05 December 2018

Sense and Availability

I often hear the claim that services improve availability. However, when they are added naively, services actually reduce availability.

The important factor for improved availability is that the services can make useful progress independently of one another.

We can work out how the uptime of a dependency affects the uptime of downstream services with some simple probability calculations.

Take services, A, B, C, etc. which are dependencies of a service S.

S requires all of A, B, C… to be available to be available itself.

Take a to be the availability of A (and so on) in the range [0, 1] where 1 is the sevice is always available (100% availability). Note that this is the availability of the service as a whole, not individual instances of the service.

We can say a few things about the availability ceiling of S:

The best case availability of S is the lowest availability of its dependencies:

s = min(a, b, ...)

Given a random distribution of failures, the average case availability of S is the availability of its dependencies multiplied together:

s = a × b × ...

The worst case of non-overlapping failures is:

s = max(0, 1 - ((1 - a) + (1 - b) + ...))

Not even the best case actually makes the availability of S better. Given that, and the observation that it’s practically impossible for a service to have 100% availability without a great deal of engineering effort, if you require all your services to be available to produce a useful result then adding additional services will reduce the overall availability of the system.

As an example, let’s look at a service with two dependencies.
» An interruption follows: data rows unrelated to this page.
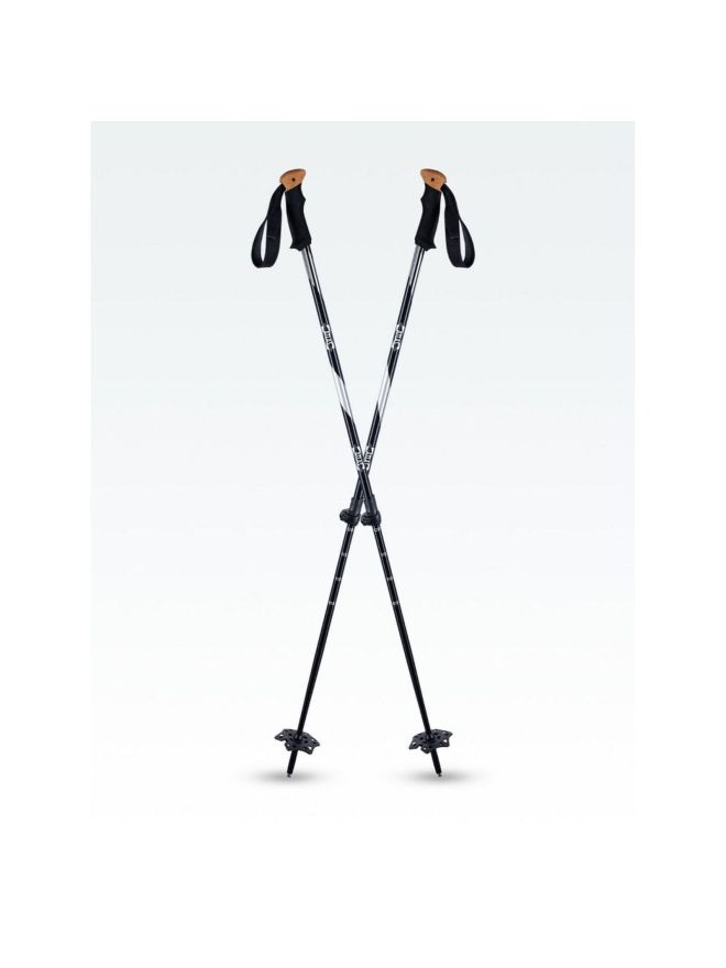 The lightweight 7075 aluminum All Mountain 2-Piece Poles feature a 2-part shaft and an adjustable locking mechanism that clamps securely and releases effortlessly packability and on-the-fly adjustability. EVA cork grip and carbide tips.
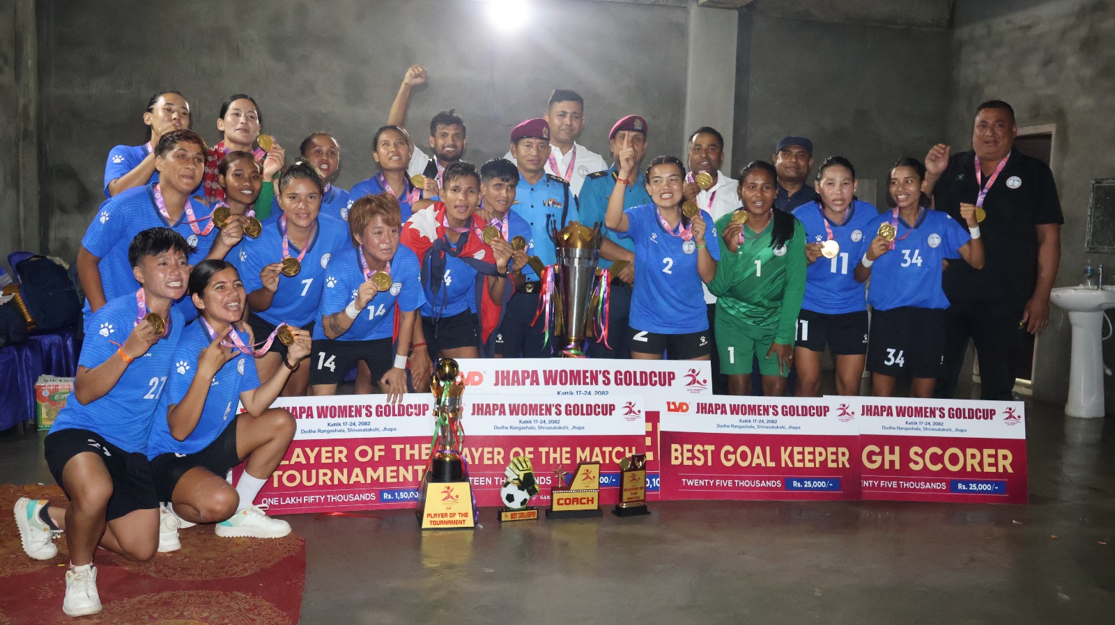 दिपक बोहोरा/हिमाल खरेल, झापा घरेलु फुटबलको सर्वाधिक सफल टोली एपिएफ फुटबल क्लबलाई हराउँदै अर्को विभागीय टोली नेपाल पुलिस क्लब एलभिडी झापा महिला गोल्डकप फुटबल प्रतियोगिताको च्याम्पियन बनेको छ। झापाको शिवसताक्षीस्थित दूधेखेल रंगशालामा आज भएको फाइनलमा एपिएफलाई १-० ले हराउँदै पुलिसले उपाधि जितेको हो। मिना देउवाको एक मात्र गोलमा पुलिस च्याम्पियन बनेको हो। एपिएफले गत वर्ष […]
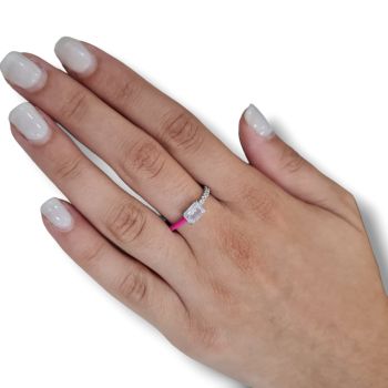 Ασημένιο δαχτυλίδι απο επιπλατινωμένο ασήμι 925°και ροζ σμάλτο (code FC002631)
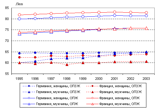 мужчин и женщин в Германии и Франции, 1995-2003, лет
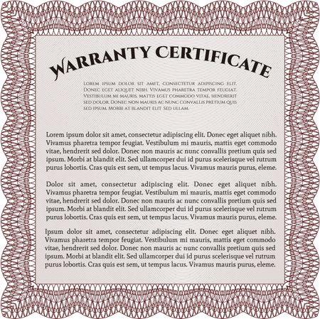 Sample Warranty certificate. With complex linear background. Artistry design. Vector illustration.
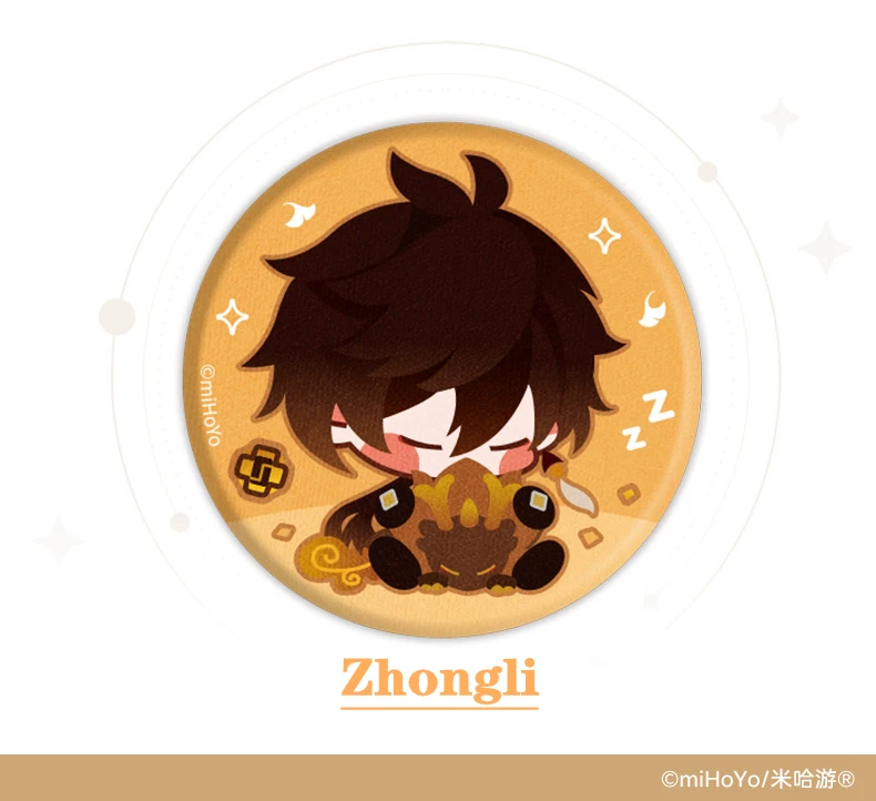 Rock King Zhong Li jeu Genshin Impact avaler baleine Tartaglia Cosplay bricolage accessoires Anime projet en peluche Badge fer blanc décoration Halloween

Service C depends on services A and B, either in breadth:

or in depth:

If A has an availability of 0.8 (80%) and B 0.95 (95%),

C will have a best case of 0.8 (80%),

an average case of 0.8 × 0.95 = 0.76 (76%),

and a worst case of 1 - ((1 - 0.8) + (1 - 0.95)) = 0.75 (75%).

Corollary: If you’re refactoring a service with 99% availability into two services, you need each of the new services to have (on average) 99.5% availability in order to break even. Three services will need 99.7% availability. Anything less and you’ll be making things worse.

Interdependent services are always bad for availability. Services need to be carefully engineered not to have cascading failures and to be able to work as independently as possible for a chance at improving downtime.